Task objective:
In the data below, find the line containing "rationsvertrag mit der"; transcribe it and each line after it exactly, through the last, skipping pictures.

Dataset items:
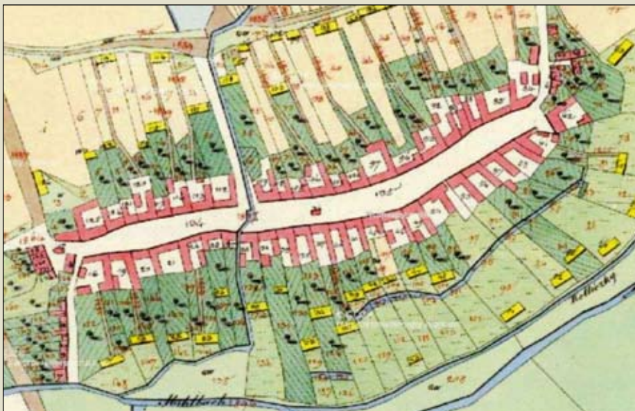
Historická mapa obce Pravčice z roku 1830
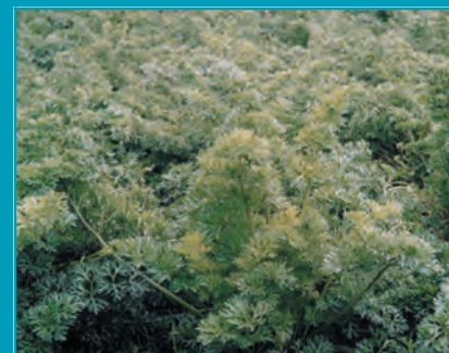
Рис. 16. Сельдерей сорт Самурай

Эликсир – среднеспелый сорт листовой разновидности. Начало хозяйственной годности наступает на 75-80 сутки
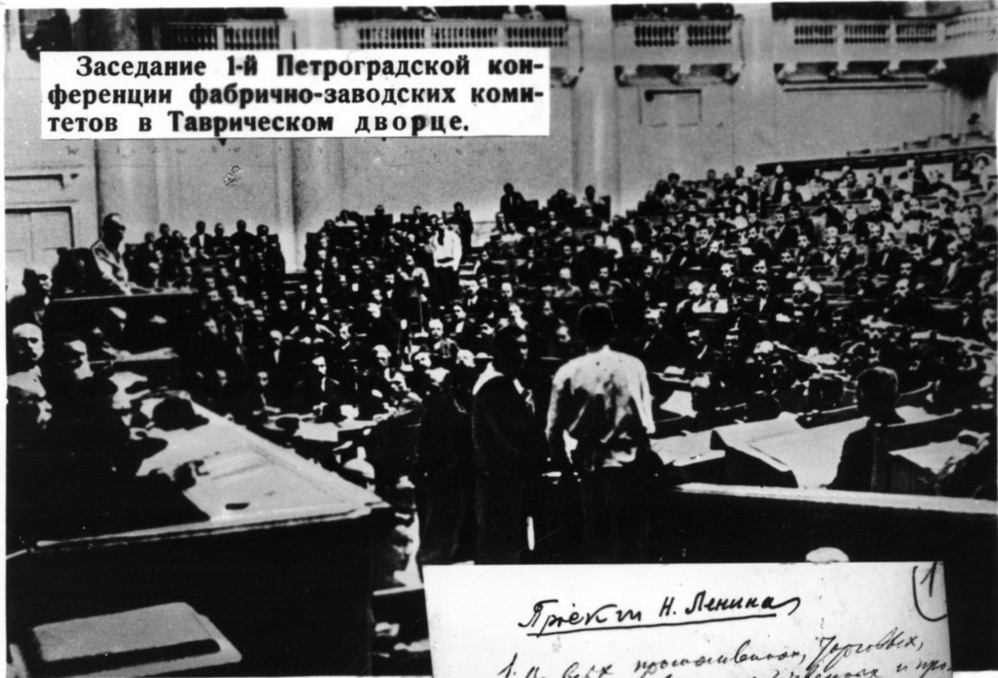
Рукопись В. И. Ленина „Проект положения о рабочем контроле“.

Главным в работе государственного аппарата В. И. Ленин считал контроль за исполнением решений и директив партии и правительства.
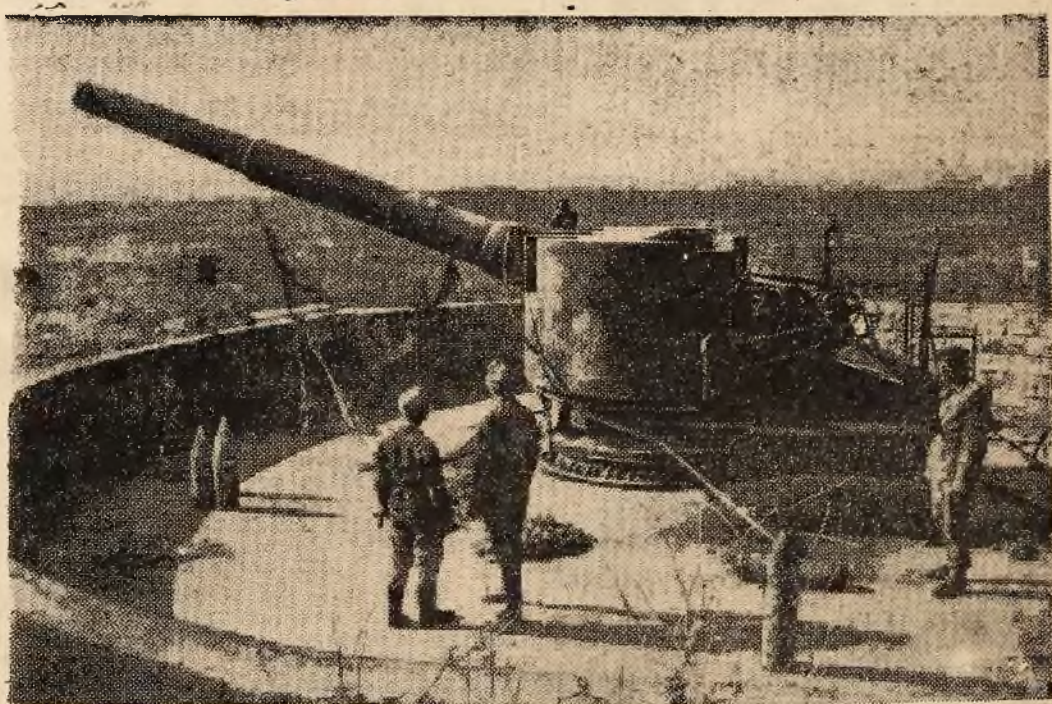
Urządzenia fortyfikacyjne Sewastopola.

Kilka baterij pod Sewastopolem zostało tak szybko opuszczonych, mimo zaciętego naogół oporu, że bolszewicy nie zdolali dokonać większego wśród nich spustoszenia. Na ilustracji naszej widzimy jedno z urządzeń fortyfikacyjnych Sewastopola, a mianowicie stanowisko potężnego działka fortecznego, obracanego przy pomocy specjalnego mechanizmu. Obok działka leżą puciski, których bolszewicy nie zdążyli wystrzelić przed swą ucieczką.
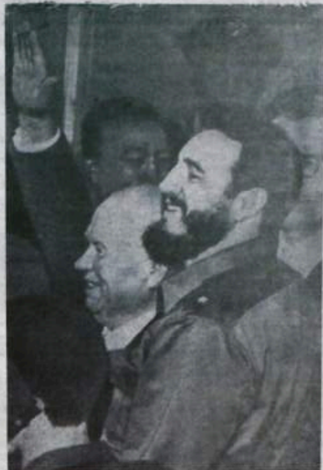
Нью-Йорк. Встреча Н. С. Хрущева с Президентом Министром Кубинской Республики Фиделем Кастро в отеле «Терезия» в Гарлеме. Глава Советского правительства отмечает на приветствии нью-йоркцев, собравшихся около отеля.

Инженер. С ним советские люди, наши труженики, связывают все лучшее, видят в нем борца за новое, прогрессивное, человека передовых взглядов. И это вполне справедливо. Инженер должен полученные в стенах вуза знания осветить крылатой мечтой, обогатить опытом своего труда, выступать поборником технического прогресса, обогащая свою память, передавать свои знания другим и будить в них мысль, нести в массы высокую культуру, воспитывать в себе и других черты человека будущего. Инженер — активный строитель светлого здания коммунизма!
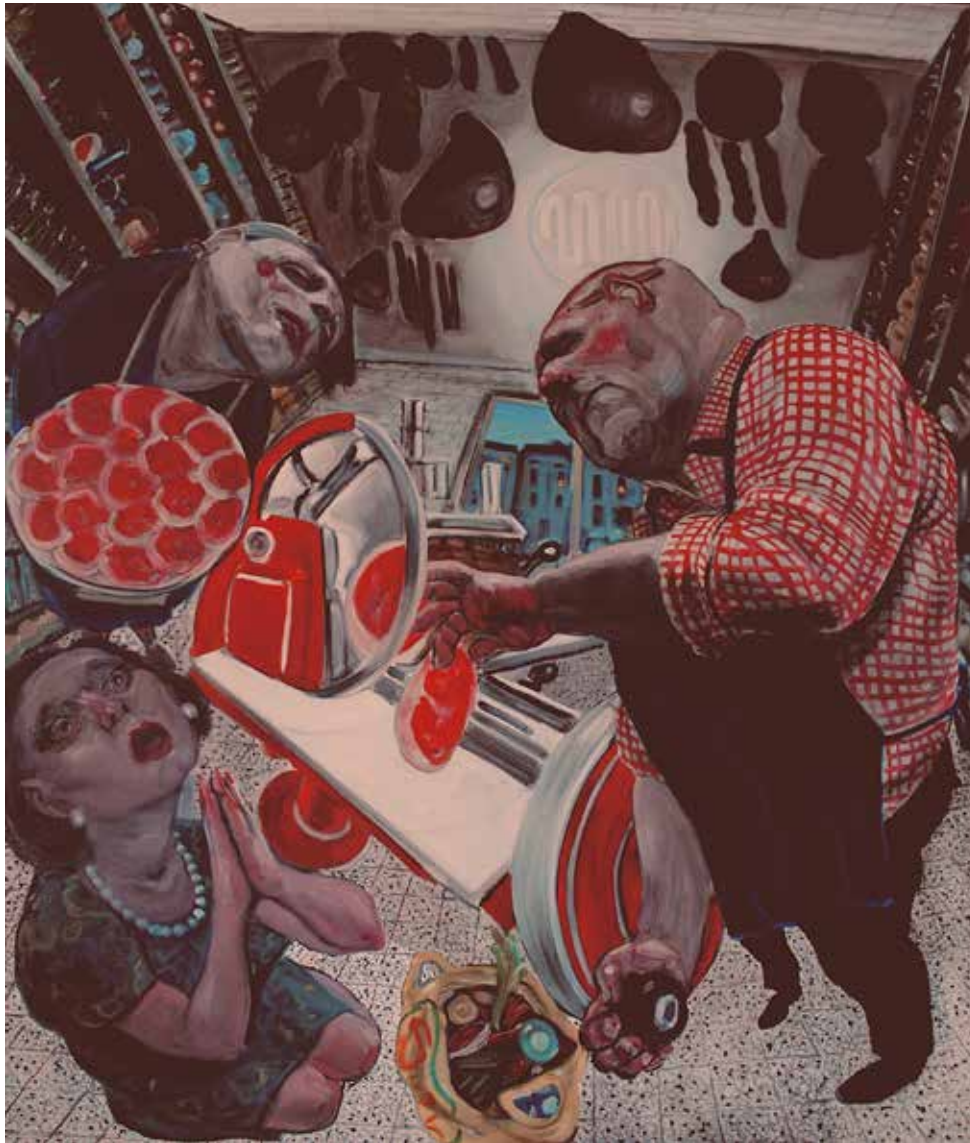
Enrico Robusti - Affettazione liturgica Olio su tela, 120x100, 2015 /ENGI/ Oil painting on canvas, 120x100, 2015
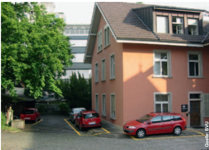
Vier Mobility-Fahrzeuge sind vor dem BVU-Verwaltungsgebäude Buchenhof in Aarau stationiert.

rationsvertrag mit der Firma Mobility CarSharing Schweiz. Dadurch erhielten vor allem die Mitarbeitenden der Zentralverwaltung die Möglichkeit, sowohl Dienstfahrten als auch private Fahrten mit den roten Mobility-Autos zu unternehmen. So waren sie weniger auf das eigene Auto angewiesen, nutzten für den Arbeitsweg vermehrt den öffentlichen Verkehr, das Velo oder waren zu Fuss unterwegs. Der eigens eingerichtete Standort von Mobility-Fahrzeugen direkt vor dem Verwaltungsgebäude des BVU in Aarau ermöglicht bis heute eine unkomplizierte Nutzung.
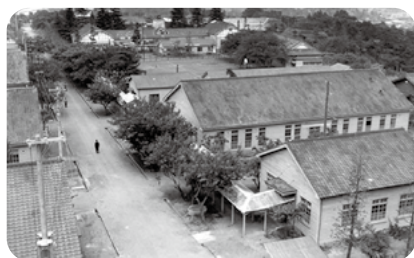
1950年代の生田キャンパス
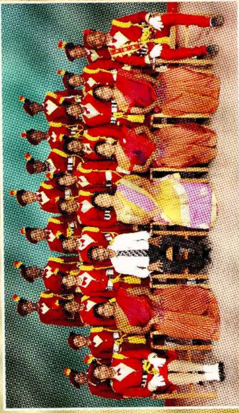
பாஸ்ட் வாத்தியக் குழு
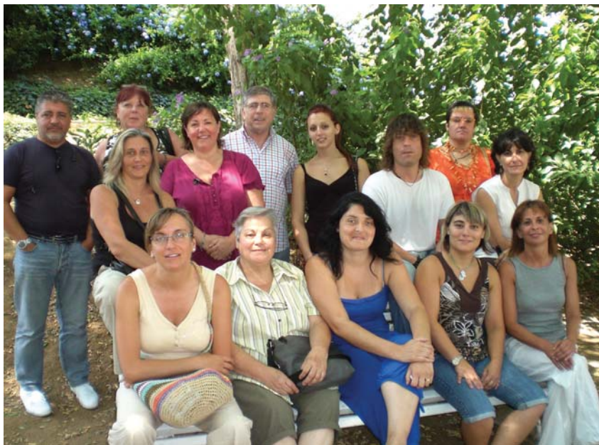
Alumnes del curs d'anglès de Promoció Econòmica

La llar d'infants municipal ha disminuït el número de places, ja
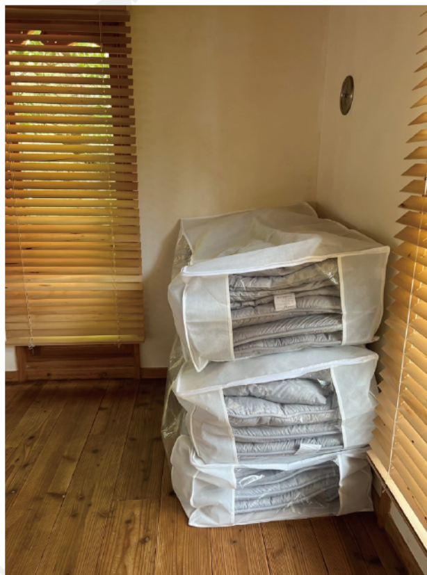
1階敷布団 収納状況
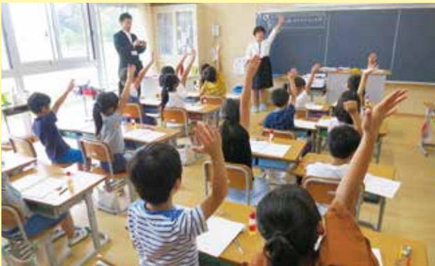
安全・安心で快適な学校

Answer to the problem:
rationsvertrag mit der Firma Mobility CarSharing Schweiz. Dadurch erhielten vor allem die Mitarbeitenden der Zentralverwaltung die Möglichkeit, sowohl Dienstfahrten als auch private Fahrten mit den roten Mobility-Autos zu unternehmen. So waren sie weniger auf das eigene Auto angewiesen, nutzten für den Arbeitsweg vermehrt den öffentlichen Verkehr, das Velo oder waren zu Fuss unterwegs. Der eigens eingerichtete Standort von Mobility-Fahrzeugen direkt vor dem Verwaltungsgebäude des BVU in Aarau ermöglicht bis heute eine unkomplizierte Nutzung.
1950年代の生田キャンパス
பாஸ்ட் வாத்தியக் குழு
Alumnes del curs d'anglès de Promoció Econòmica

La llar d'infants municipal ha disminuït el número de places, ja
1階敷布団 収納状況
安全・安心で快適な学校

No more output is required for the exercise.